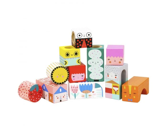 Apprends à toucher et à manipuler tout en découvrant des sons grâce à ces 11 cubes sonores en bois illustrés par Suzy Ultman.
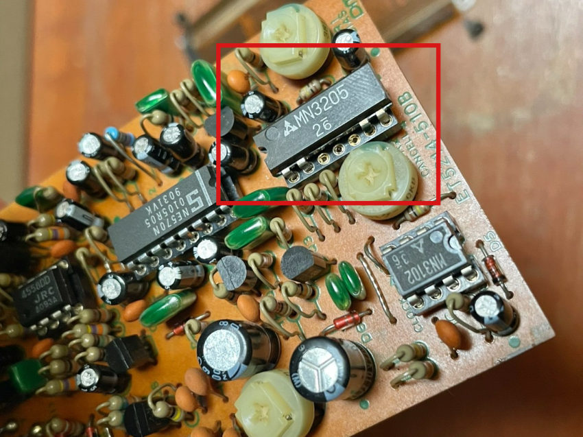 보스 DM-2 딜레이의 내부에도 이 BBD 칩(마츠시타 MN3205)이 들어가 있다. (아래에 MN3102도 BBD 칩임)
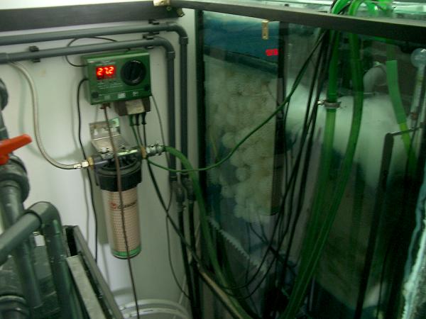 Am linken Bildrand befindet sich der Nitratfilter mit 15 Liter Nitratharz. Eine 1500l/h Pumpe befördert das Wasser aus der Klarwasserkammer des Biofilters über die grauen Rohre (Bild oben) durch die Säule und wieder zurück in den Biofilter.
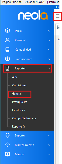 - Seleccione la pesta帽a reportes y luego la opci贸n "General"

========================================================================

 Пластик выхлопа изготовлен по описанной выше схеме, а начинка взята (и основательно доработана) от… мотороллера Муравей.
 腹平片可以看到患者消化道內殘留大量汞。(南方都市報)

========================================================================

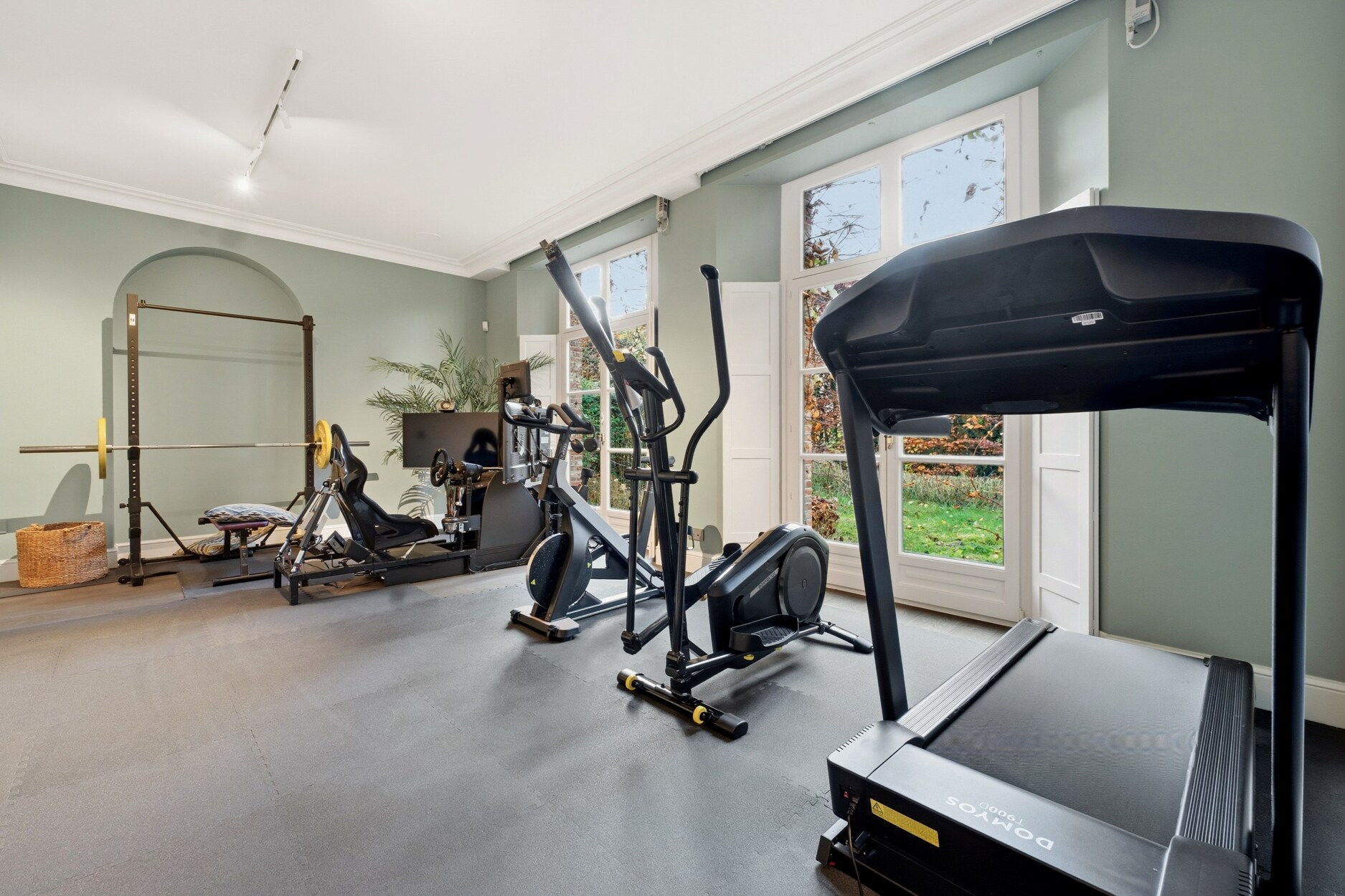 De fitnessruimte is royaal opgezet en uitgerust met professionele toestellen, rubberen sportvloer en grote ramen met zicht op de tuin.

========================================================================

WORK REQUEST: Copy out exactly the lines above beginning with the line that contains "보스 DM-2 딜레이의" and finishing with the line that contains "- Seleccione la", including both; leave the pictures out.

SOLUTION TO THIS EXERCISE:
 보스 DM-2 딜레이의 내부에도 이 BBD 칩(마츠시타 MN3205)이 들어가 있다. (아래에 MN3102도 BBD 칩임)
 Am linken Bildrand befindet sich der Nitratfilter mit 15 Liter Nitratharz. Eine 1500l/h Pumpe befördert das Wasser aus der Klarwasserkammer des Biofilters über die grauen Rohre (Bild oben) durch die Säule und wieder zurück in den Biofilter.
 - Seleccione la pesta帽a reportes y luego la opci贸n "General"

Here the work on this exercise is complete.